Yesterday’s post was written on my iPod, using the WordPress widget. It’s not something I’d want to do every post, but it was okay–it worked for a creative outlet when I was in Texas–I won’t be waxing verbose with it, though. Maybe if I got a netbook I’d write more, since it would have a proper keyboard, but buying the equipment is the fun and easy part of any craft.
I’m thinking of writing because I’m reading Dark Fires by Karen Harbaugh, which started well but sank into Romantic Malaise at the halfway point. I have no quarrel with romance novels, either the writing or the reading, except that 80% of them are written with 20% of the skill of the romance world. Since they’re read-once stories (generally) does it not pay for the publishers to look for something more? does the audience want something more, or just more of the same? Harbaugh is a good writer, and her heroine is interesting enough to keep the book going if it weren’t a romance novel, except then it probably wouldn’t have sold. Am I looking for steak at Burger King when I should be happy with that Angus thing on the menu?
Anyway, Dark Fires is a vampire novel set during the French Revolution, which would be awesome if the stupid romance novel thing didn’t get in the way. Right now the characters are trying to get to Paris, as they have been trying to get to Paris for the first three-quarters of the book–I must be getting old, getting impatient for the book to get on with the story instead of interrupting itself for episodes of horizontality. The heroine has only been a vampire for nine years, and has seen her family killed by the revolutionaries, so it makes sense that she’s kind of a Vampire Lite, not nearly ruthless enough and still concerned with the fate of her soul. The manly hero is a hardbitten spy but hasn’t yet distinguished himself from the zillions of other manly heroes in the genre to be that interesting. In today’s reading they got married, by both an notary and a priest to make it permanent, but not even the priest has objected to a marriage mixed between the undead and the not yet dead–it would make an interesting series to follow a vampire from era to era and husband to husband, but I don’t think it’s going to happen here.
Last week I finished Anita Diamant’s The Red Tent, which was interesting but not life-changing.
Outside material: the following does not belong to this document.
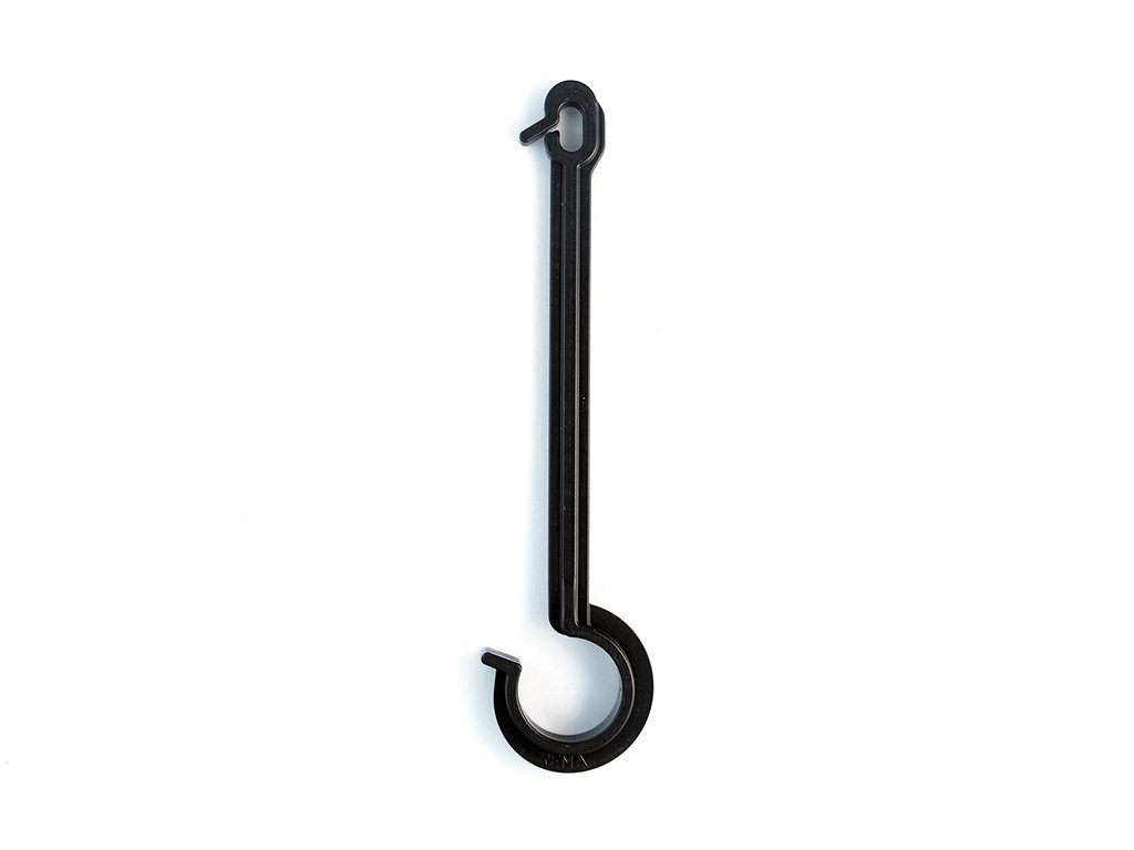 Plastový držiak na uchytenie zavlažovacích hadíc s priemerom 20 mm na napínací drôt (do priemeru 4,00 mm) - hadica visí v odstupe 105 mm od drôtu. Spodná časť, kde je uchytená hadica, má nový tvar, do ktorého možno zavlažovacie hadicu rýchlejšie upevniť.

At church Sunday, Mother’s Day, the minister talked about little known heroines of the Bible, and my mind went directly to Judith taking out Holofernes with a tent stake, but she didn’t come up.
Took another dip into History of Christianity–over my lunch the author was talking about Aristotle’s influence on the early Church fathers, and seemed to imply that the early church wasn’t as afraid of science as the noisiest part of the current church is.
So, knitting: I used the long US4s to finish the knitting part of the booties for the baby who’s being showered Saturday:
This was the first one I knit, back in April (on the short 4s if I remember right, if we’re not all tired of talking about them)–laid out flat they look like a mask, or a pair of men’s Y-fronts. I will have to undo the bindoff and redo it in pattern, to make them stretchier.
I also finished the knitting on an Eloping:
An Eloping? is that how you say it? the pattern is Eloping, from Knitty, but the item is a garter. In keeping with the clandestine nature of an elopement, this is a secret project, for a friend who’s happily dating and hoping things go far enough that a garter might be needed. Can’t knit with fingers crossed for her, so I’m just knitting for her.
The patron cat of knitting there is Sally, who is at least 16 years old, and ignores yarn unless it’s danced in front of her face. T’other cat, Sukey, is a yarn chewer, so the knitting at my house has to be neatly bundled or constantly supervised.